RF detector is a miniature RF power meter
Now, for those unfamiliar with the operation of RF detectors, their function is very simple and best viewed in the time domain. Imagine an RF detector driven by a signal whose input level varies with time, as shown on the left. As the input level increases, the detector's DC output level also increases. Now, this baseline response is common to all RF power detectors, although the exact relationship between input level and output level will vary by device and function.
Understand the differences in performance characteristics to select the correct detector for the application
Now about the different types of RF detectors. The most common type is the logarithmic amplifier, which provides a DC output proportional to the logarithmic value of the input signal.
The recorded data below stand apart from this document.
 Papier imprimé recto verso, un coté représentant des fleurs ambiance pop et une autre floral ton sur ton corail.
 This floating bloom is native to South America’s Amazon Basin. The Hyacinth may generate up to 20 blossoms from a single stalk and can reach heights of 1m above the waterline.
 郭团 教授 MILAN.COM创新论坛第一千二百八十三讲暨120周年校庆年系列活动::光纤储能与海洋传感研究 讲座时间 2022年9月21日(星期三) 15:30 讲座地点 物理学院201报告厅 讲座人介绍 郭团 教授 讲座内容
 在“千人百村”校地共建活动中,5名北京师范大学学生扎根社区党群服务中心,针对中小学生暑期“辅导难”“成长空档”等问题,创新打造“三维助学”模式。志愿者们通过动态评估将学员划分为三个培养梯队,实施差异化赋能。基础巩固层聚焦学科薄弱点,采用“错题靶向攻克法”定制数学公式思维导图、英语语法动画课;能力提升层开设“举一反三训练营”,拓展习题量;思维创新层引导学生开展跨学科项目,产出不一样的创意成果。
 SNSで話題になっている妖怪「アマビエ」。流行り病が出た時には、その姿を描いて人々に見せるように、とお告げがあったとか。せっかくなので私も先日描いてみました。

A log amp has a detection range of 40 dB to 100 dB and a relatively flat response time.
The RMS detector performs a full root mean square calculation. RMS detectors can have a linear V/V or linear dB output response. Gain and phase detectors are special log amplifiers that calculate the magnitude and phase difference between two input signals. These devices have two RS inputs.
SDLVA stands for Sequential Detection Logarithmic Video Amplifier. Architecturally, these devices do not differ from log amps, but have two special characteristics: excellent frequency flatness and fast response time. More information on these devices will be described later.
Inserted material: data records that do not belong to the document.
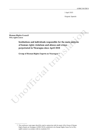 A. Background 1. Pursuant to its resolution 49/3, the Human Rights Council established the Group of Human Rights Experts on Nicaragua, to investigate alleged human rights violations and abuses committed in Nicaragua since April 2018 and provide guidance on justice and accountability. In its resolution 52/2, the Council extended the mandate of the Group for a period of two years. The Group is composed of Jan-Michael Simon (Chair), Ariela Peralta Distéfano and Reed Brody. 2. The Group has previously concluded that there were reasonable grounds to believe that, since April 2018, State and non-State actors had committed serious human rights violations and abuses against an ever-growing range of real or perceived opponents and their relatives in a systematic and widespread manner. 1 The Group determined that some of those violations constituted, prima facie, the crimes against humanity of murder, imprisonment, torture, including rape and other forms of sexual violence of comparable gravity, deportation and persecution. 3. The present conference room paper, which complements the report submitted to the Human Rights Council (A/HRC/58/26), contains the detailed findings of the Group of Experts on the structure of the repressive State, chains of command and State and individual responsibilities in relation to the main patterns of violations and abuses documented since the beginning of its mandate. Ten functional diagrams illustrating the de jure and de facto connections between different State and non-State entities are available on the Group’s web page. 2 4. The present document identifies individuals whom the Group of Experts has reasonable grounds to believe are responsible for violations, abuses and crimes. A list of these names was sent to the Government of Nicaragua to give the identified individuals an opportunity to respond to the allegations made against them. The Group recalls that while the threshold of "reasonable grounds to believe" is lower than that required to establish responsibility in criminal proceedings, it is sufficient to justify the initiation of investigations (see section I(C)(3) below). While that threshold does not preclude the identification in the present conference room paper of possible individual responsibilities, determinations about individual criminal responsibility can be made only by competent judicial authorities with full respect for the right to a fair trial of the accused. 5. Despite the Council's calls upon the Government of Nicaragua to cooperate fully with the Group, including by granting it unfettered access to the whole country, the Government continues to refuse to engage with the Group. Since the beginning of its mandate, the Group has sent 17 unanswered letters to the Nicaraguan authorities requesting information. 3 On 27 February 2025, the Government of Nicaragua announced its withdrawal from the Human Rights Council and all its subsidiary mechanisms. 4 6. On 26 March 2025, the Human Rights Council decided to postpone consideration of the adoption of the outcome document of the Universal Periodic Review of Nicaragua, fourth cycle, scheduled for the 58th session of the Human Rights Council. This decision was taken as Nicaragua's positions on the recommendations received on 13 November 2024 during the Review were not received. The Human Rights Council decided to call on the Government of Review were not received. The Human Rights Council decided to call on the Government of Nicaragua to resume its cooperation and to schedule the consideration of the outcome document of the Universal Periodic Review at its 60th session.5 7. Despite the lack of cooperation and elevated security risks for victims, witnesses and others providing information, the Group was able to gather, analyse and corroborate the information and evidence necessary to establish the facts of, and prima facie responsibility for,the serious violations, abuses and crimes described in the present conference room paper.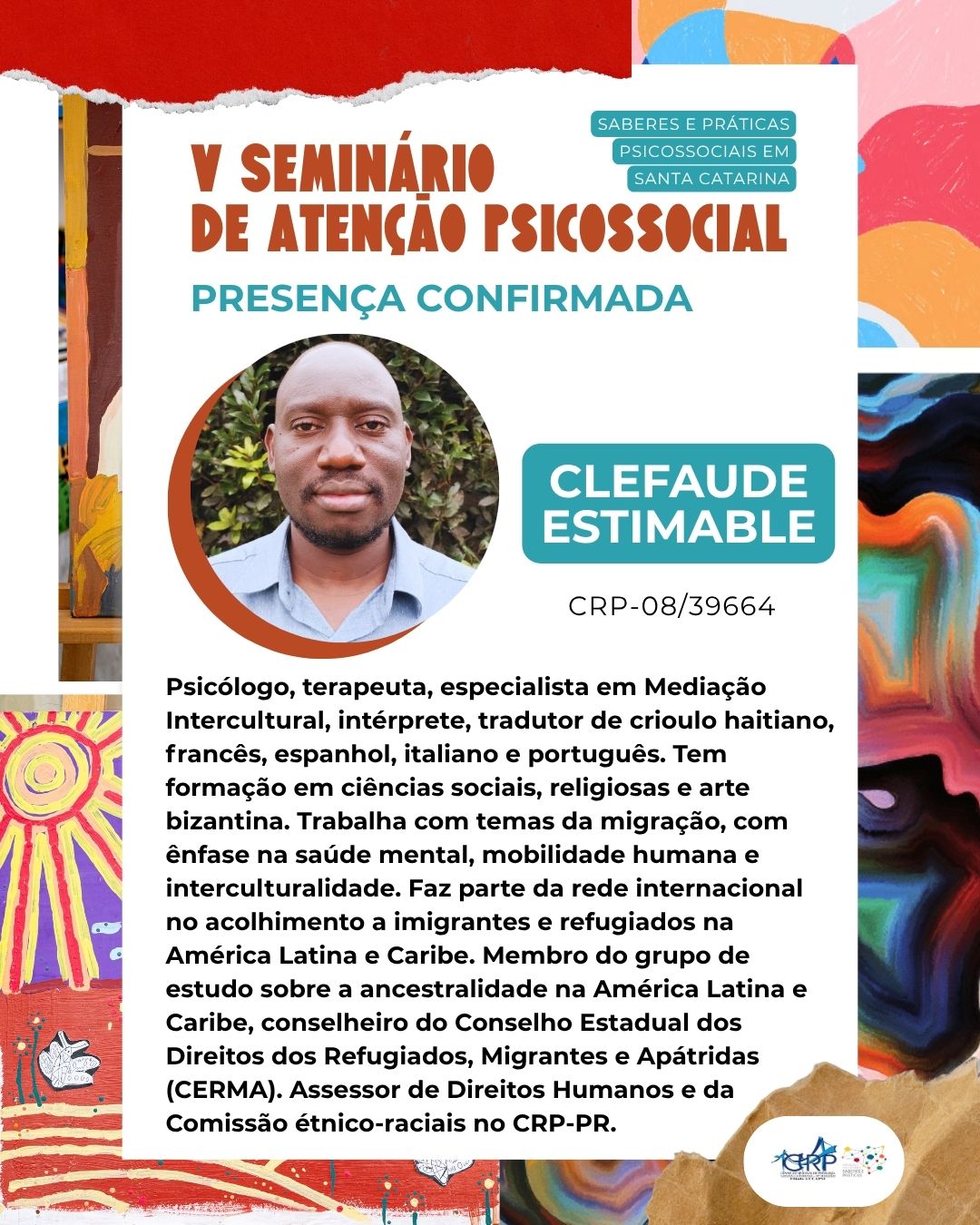 🔹 Clefaude Estimable — Psicólogo, terapeuta, especialista em Mediação Intercultural. Faz parte da rede internacional no acolhimento a imigrantes e refugiados na América Latina e Caribe;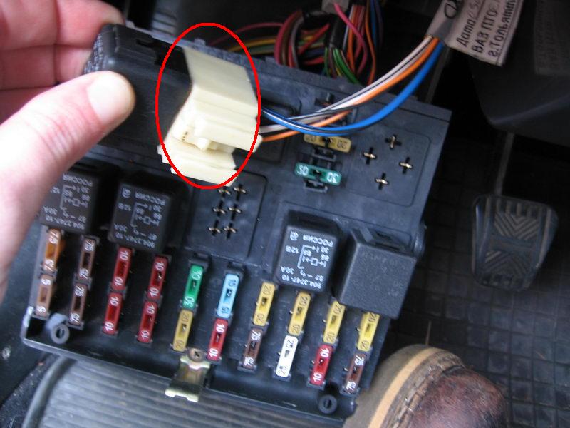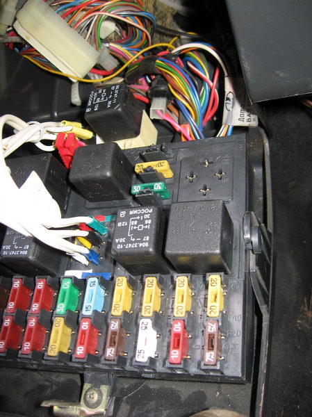 původní relátko, ještě na svým místě<br />(vpravo nahoře volný místo pro relé př. mlhovek - jak tu někdo řešil...)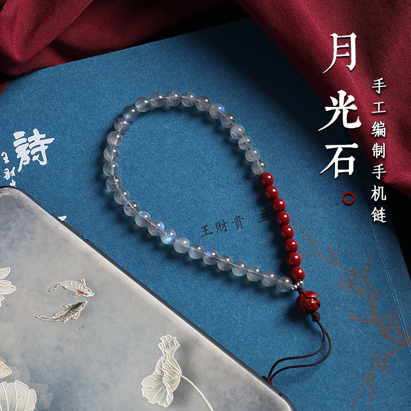 | nameOriginal | Natural gray moonstone mobile phone chain pendant for men and women high-end exquisite purple gold sand mobile phone case lanyard anti-loss pendant chain |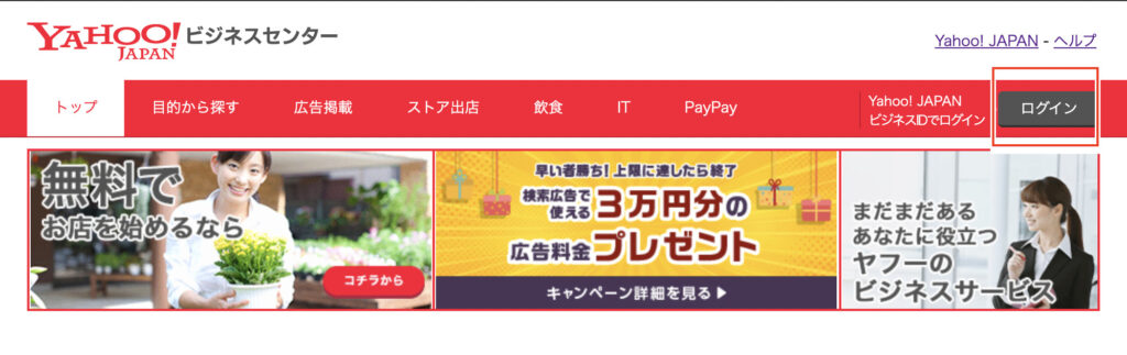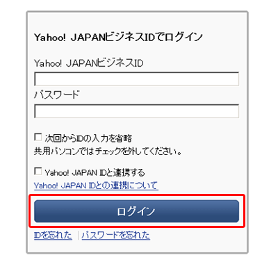 | ビジネスIDのログインページ | Yahoo! JAPAN IDのログインページ |

Finally there are peak and envelope detectors. These are fast-response devices that can catch and hold peaks, or follow the rapidly changing envelope of an RF pulse or QAM modulated signal.
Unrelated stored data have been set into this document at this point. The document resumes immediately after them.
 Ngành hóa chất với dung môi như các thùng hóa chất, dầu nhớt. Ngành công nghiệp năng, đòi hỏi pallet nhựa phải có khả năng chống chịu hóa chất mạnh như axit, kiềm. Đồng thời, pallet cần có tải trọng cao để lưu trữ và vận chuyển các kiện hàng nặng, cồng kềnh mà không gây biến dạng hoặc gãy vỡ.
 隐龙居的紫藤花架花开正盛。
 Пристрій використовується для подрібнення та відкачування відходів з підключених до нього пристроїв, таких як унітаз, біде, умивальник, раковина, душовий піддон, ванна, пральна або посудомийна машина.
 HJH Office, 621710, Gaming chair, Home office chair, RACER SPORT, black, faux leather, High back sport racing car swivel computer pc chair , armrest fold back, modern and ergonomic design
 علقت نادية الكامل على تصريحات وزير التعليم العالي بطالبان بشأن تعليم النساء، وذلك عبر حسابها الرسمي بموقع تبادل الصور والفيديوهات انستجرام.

Additional temperature compensation can generally be done if the temperature drift is consistent and repeatable from device to device. In this case, two off-chip resistors can be used to pull the thermal and cold drift back to 0 dB for an overall better temperature drift.
In wideband applications such as RF power meters, variations in output voltage and frequency become very important. Basically, the greater the variation with respect to frequency, the more frequency calibration points are required. Two types of graphs are used to show the output voltage as a function of frequency. The first plot on the left is a simple series of power sweeps, with each trace representing the transfer function at a specific frequency. We also use a second type of graph to display the frequency response. The graph on the right shows output voltage versus frequency, with each trace representing a specific RF power level. This plot is very useful for assessing how far apart the frequency calibration points need to be.
This figure shows the frequency response of the new RMS detector LTC5596, which operates up to 40 GHz. An important characteristic of this device is that its frequency response remains flat over such a wide frequency range. It can be seen that the trace remains at about 60 mV from about 200 MHz to 30 GHz. The slope of the LTC5596 is approximately 30 mV/dB. Using these two figures, we can see that this corresponds to a frequency flatness of about 2 dB; unprecedented for such a wideband device.
In the graph on the left, we plot the output voltage versus input level (dB). The blue curve is the so-called linear dB transfer function. We call it linear in dB because for every dB change in the input, the change in output voltage is constant. In contrast, the black curve in the left graph has an exponential character when you plot it as voltage output versus dBm. This is a typical response of a diode-based RF detector.
The graph on the right is plotted using the same data and shows voltage output versus voltage input. Now the blue curve has logarithmic properties. Therefore, an RF detector with a linear-in-dB characteristic is often called a logarithmic amplifier. The black curve on the right becomes a straight line, so this transfer function is often called linear V/V. Each transfer function has its own advantages and disadvantages, which we will discuss later. However, for the moment we can say that linear dB devices are log amps and tend to have excellent range and sensitivity, while linear V/V detectors tend to have lower range but excellent resolution and sensitivity at high RF power levels. precision.
Some Recommendations for the Operation of a Typical RF Detector
The basic support circuitry required to use an RF detector is ubiquitous. RF inputs are almost always AC coupled. AC coupling capacitors are sometimes internal to the chip and sometimes external. Devices with external AC coupling tend to operate at lower frequencies. RF applications generally prefer an input impedance of 50 ohms. However, the input resistance of many RF detectors is much higher than this.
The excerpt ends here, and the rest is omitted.